=== Brief ===
Exactly the lines from the beginning of the records to the line with "12月16日,William", both ends included, are to be given again, and pictures are to be left out.

=== Data in this exercise ===
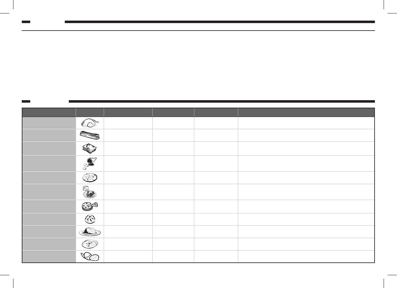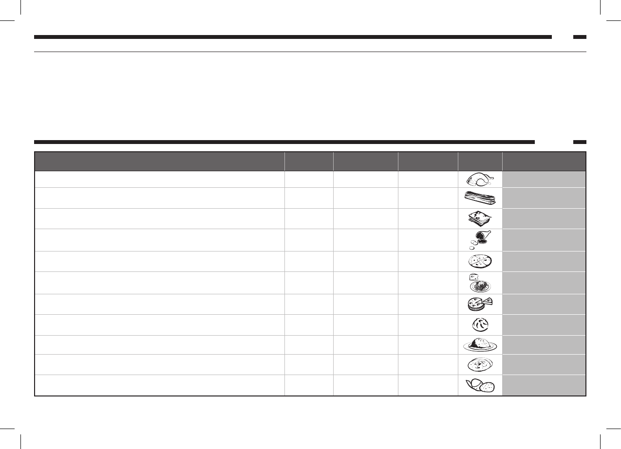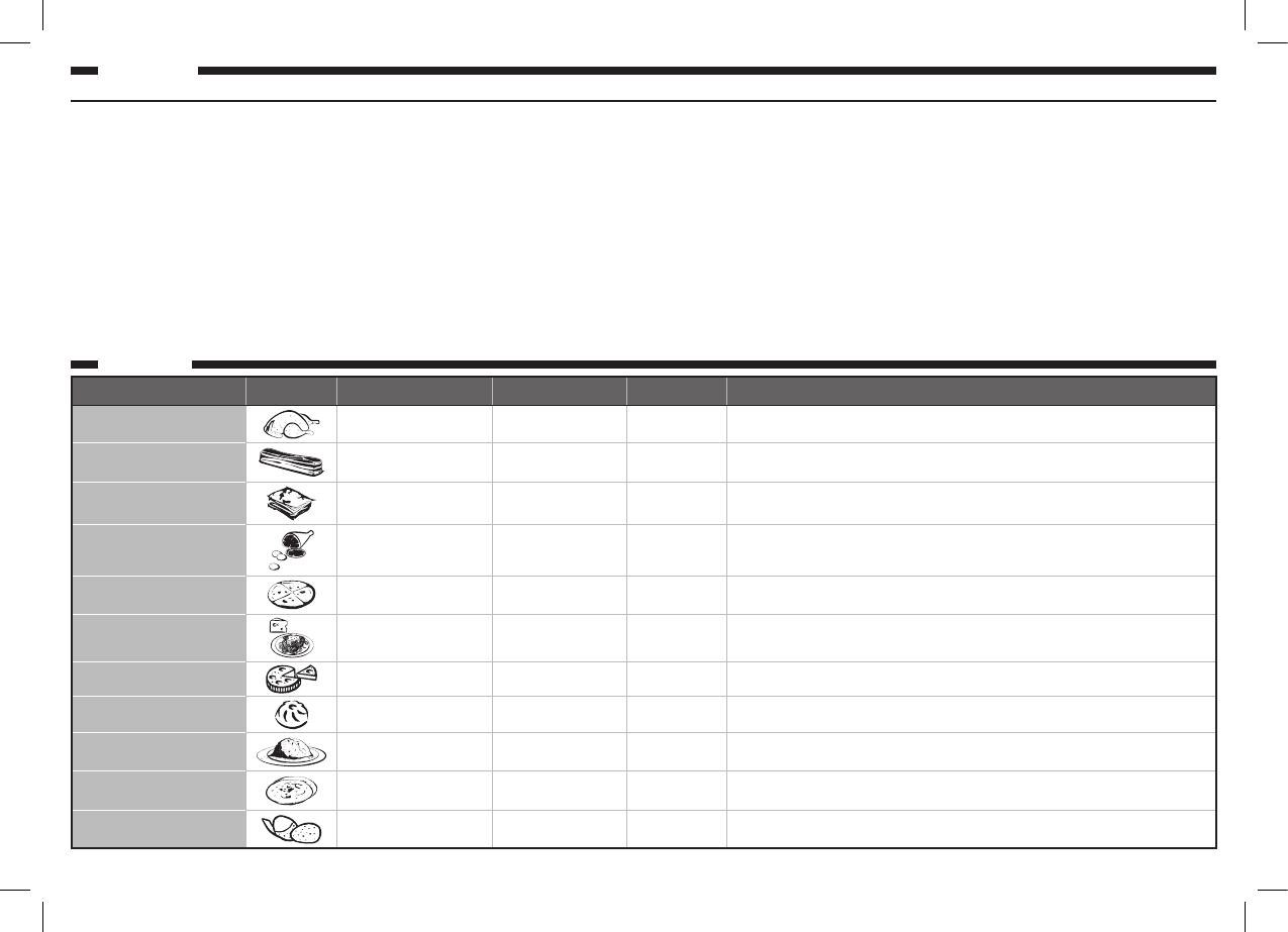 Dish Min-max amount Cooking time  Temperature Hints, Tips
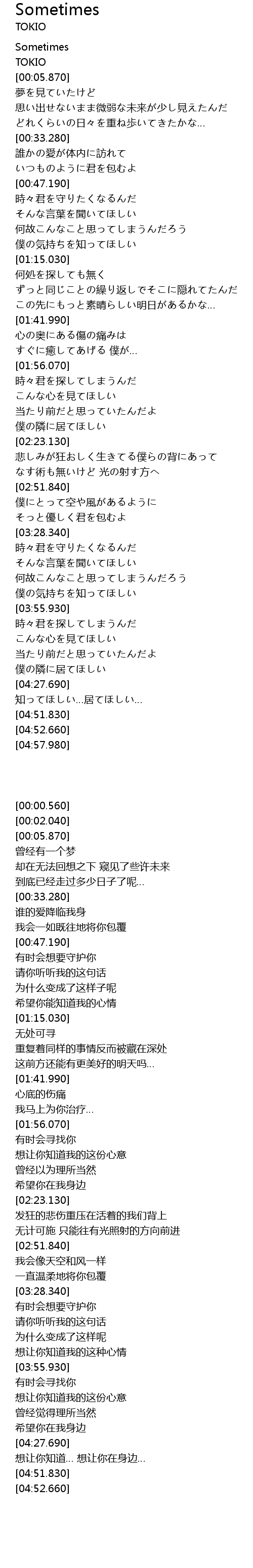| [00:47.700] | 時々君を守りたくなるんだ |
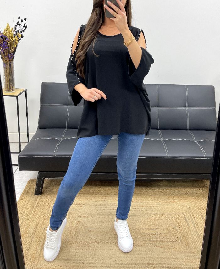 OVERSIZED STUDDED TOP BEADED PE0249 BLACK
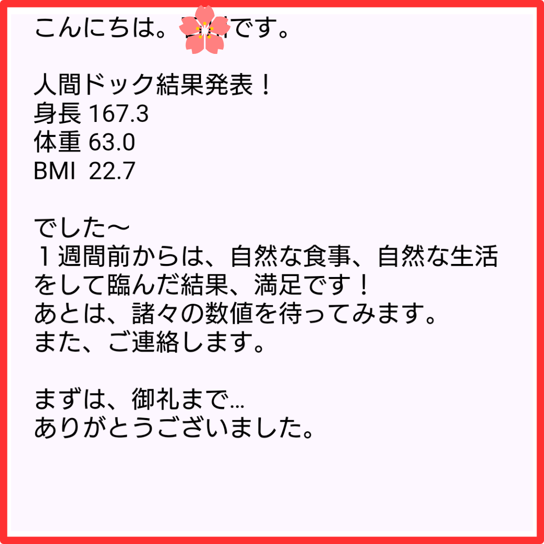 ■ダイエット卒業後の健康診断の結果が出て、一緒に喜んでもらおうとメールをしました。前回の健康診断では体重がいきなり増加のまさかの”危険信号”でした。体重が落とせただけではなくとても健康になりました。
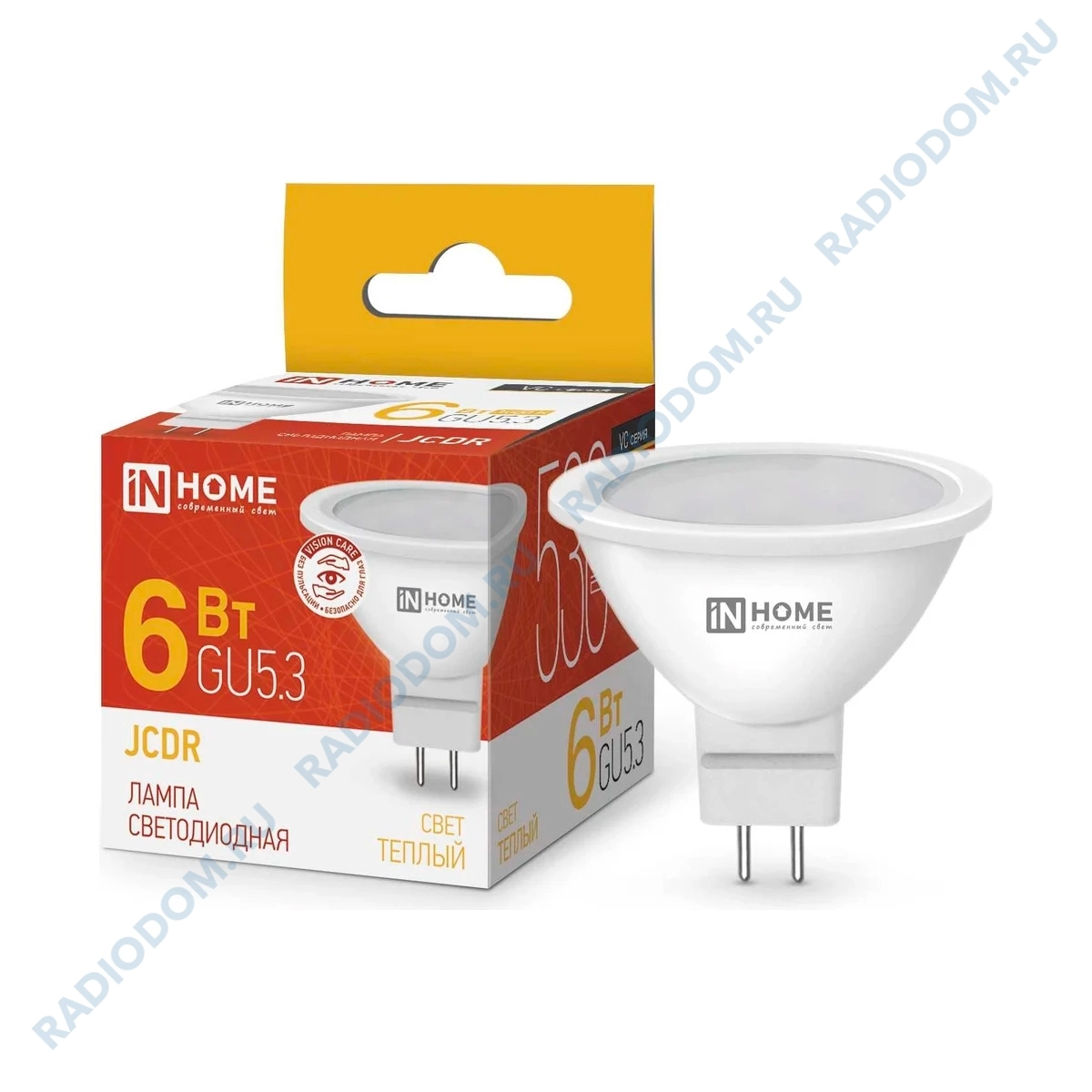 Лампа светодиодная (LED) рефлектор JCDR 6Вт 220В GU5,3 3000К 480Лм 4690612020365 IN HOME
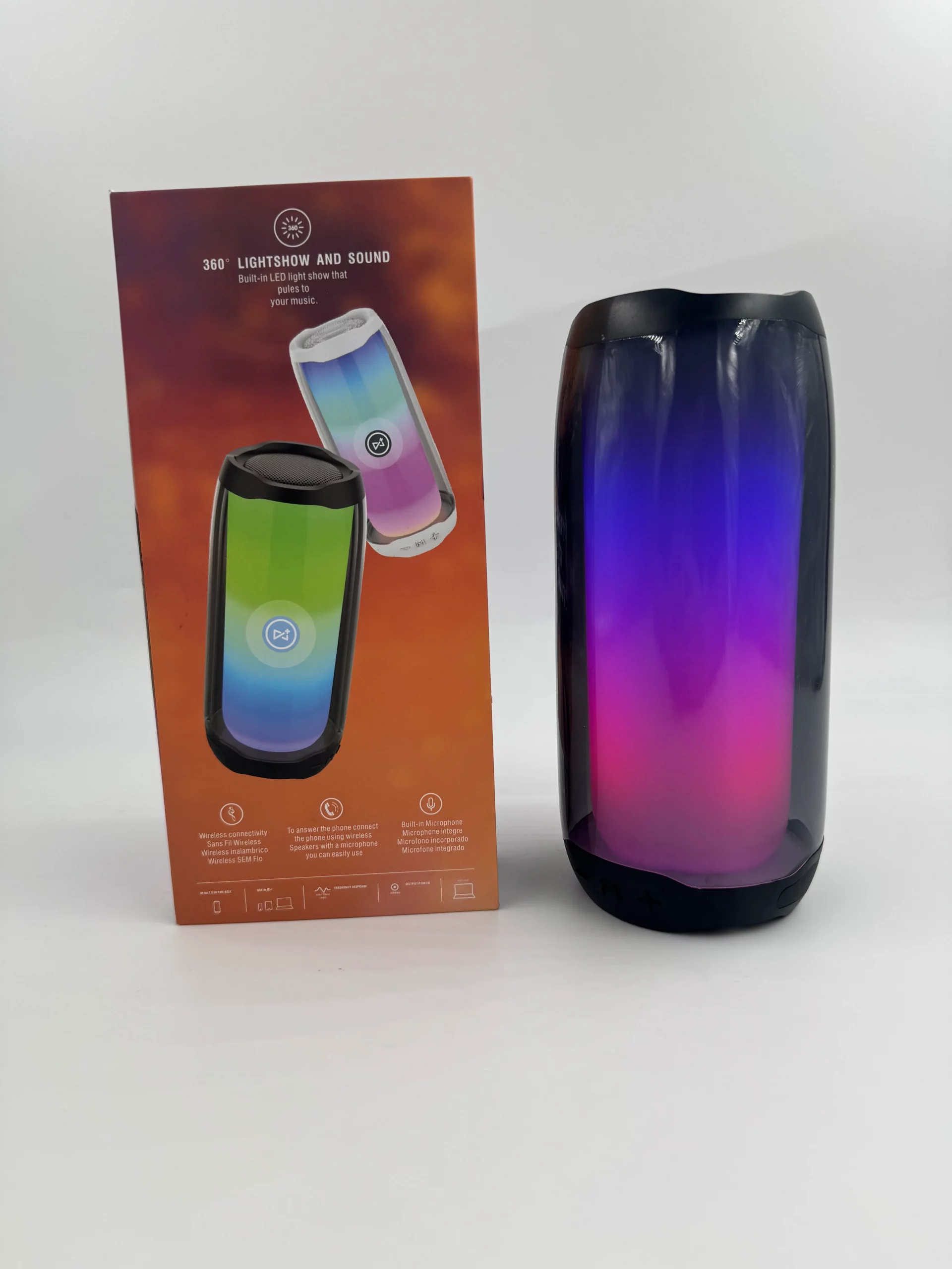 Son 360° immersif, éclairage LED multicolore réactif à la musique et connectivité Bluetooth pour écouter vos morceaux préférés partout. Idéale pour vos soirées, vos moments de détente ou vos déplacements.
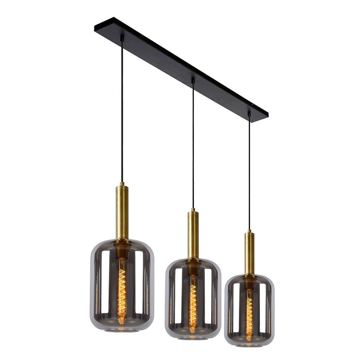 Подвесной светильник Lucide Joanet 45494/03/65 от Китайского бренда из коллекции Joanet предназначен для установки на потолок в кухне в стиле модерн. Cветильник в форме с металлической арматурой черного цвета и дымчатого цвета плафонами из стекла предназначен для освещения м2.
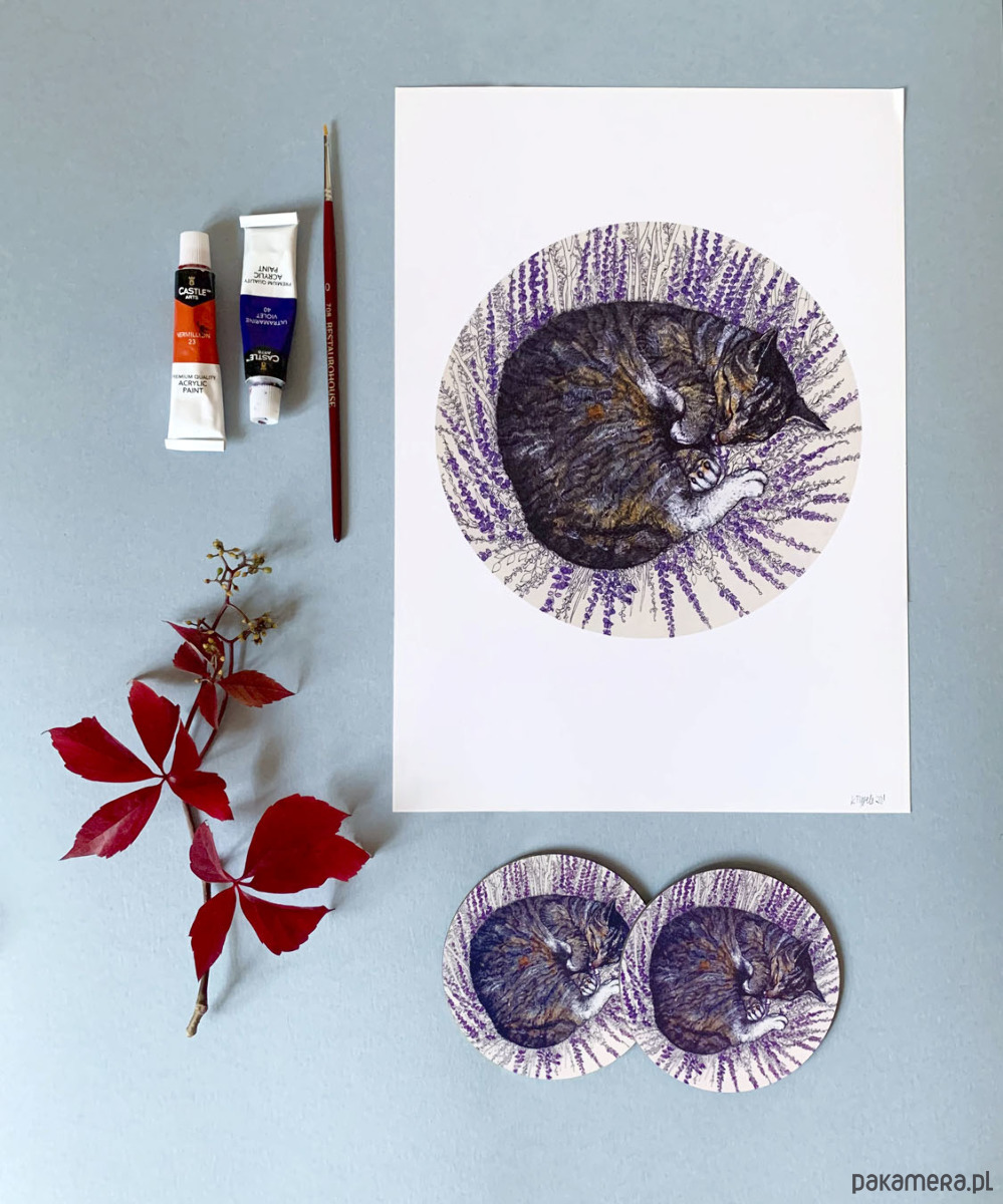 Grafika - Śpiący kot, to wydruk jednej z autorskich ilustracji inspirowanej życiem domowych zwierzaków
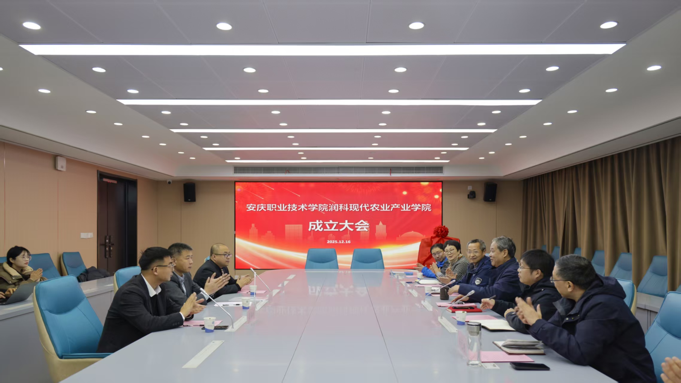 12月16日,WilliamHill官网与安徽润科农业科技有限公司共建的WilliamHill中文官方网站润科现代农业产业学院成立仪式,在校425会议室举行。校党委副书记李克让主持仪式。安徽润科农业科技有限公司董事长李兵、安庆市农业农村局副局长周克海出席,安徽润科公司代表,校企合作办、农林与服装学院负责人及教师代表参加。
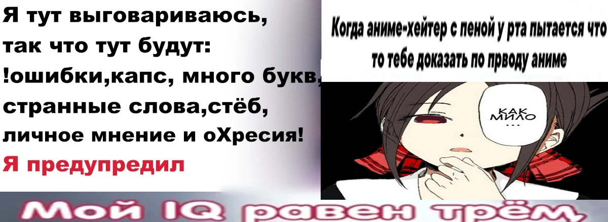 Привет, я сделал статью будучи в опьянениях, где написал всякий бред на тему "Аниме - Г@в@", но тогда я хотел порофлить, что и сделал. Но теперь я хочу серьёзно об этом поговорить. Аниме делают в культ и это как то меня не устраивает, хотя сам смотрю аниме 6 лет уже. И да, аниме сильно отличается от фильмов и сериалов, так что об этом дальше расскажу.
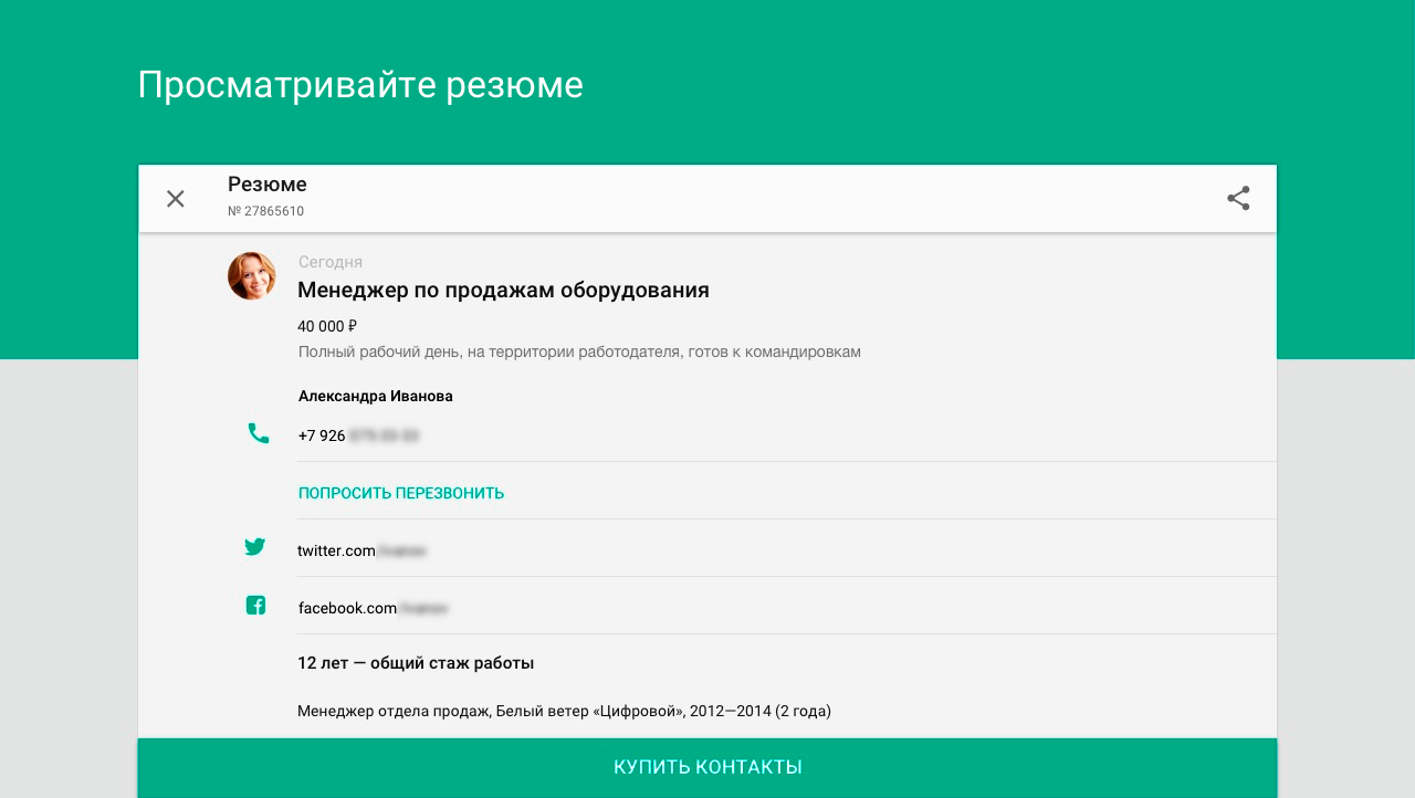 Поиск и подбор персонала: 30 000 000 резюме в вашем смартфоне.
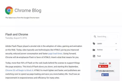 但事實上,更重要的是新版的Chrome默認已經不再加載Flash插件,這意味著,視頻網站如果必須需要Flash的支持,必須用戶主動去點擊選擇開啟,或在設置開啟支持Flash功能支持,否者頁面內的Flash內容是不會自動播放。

=== Solution below ===
 Dish Min-max amount Cooking time  Temperature Hints, Tips
| [00:47.700] | 時々君を守りたくなるんだ |
 OVERSIZED STUDDED TOP BEADED PE0249 BLACK
 ■ダイエット卒業後の健康診断の結果が出て、一緒に喜んでもらおうとメールをしました。前回の健康診断では体重がいきなり増加のまさかの”危険信号”でした。体重が落とせただけではなくとても健康になりました。
 Лампа светодиодная (LED) рефлектор JCDR 6Вт 220В GU5,3 3000К 480Лм 4690612020365 IN HOME
 Son 360° immersif, éclairage LED multicolore réactif à la musique et connectivité Bluetooth pour écouter vos morceaux préférés partout. Idéale pour vos soirées, vos moments de détente ou vos déplacements.
 Подвесной светильник Lucide Joanet 45494/03/65 от Китайского бренда из коллекции Joanet предназначен для установки на потолок в кухне в стиле модерн. Cветильник в форме с металлической арматурой черного цвета и дымчатого цвета плафонами из стекла предназначен для освещения м2.
 Grafika - Śpiący kot, to wydruk jednej z autorskich ilustracji inspirowanej życiem domowych zwierzaków
 12月16日,WilliamHill官网与安徽润科农业科技有限公司共建的WilliamHill中文官方网站润科现代农业产业学院成立仪式,在校425会议室举行。校党委副书记李克让主持仪式。安徽润科农业科技有限公司董事长李兵、安庆市农业农村局副局长周克海出席,安徽润科公司代表,校企合作办、农林与服装学院负责人及教师代表参加。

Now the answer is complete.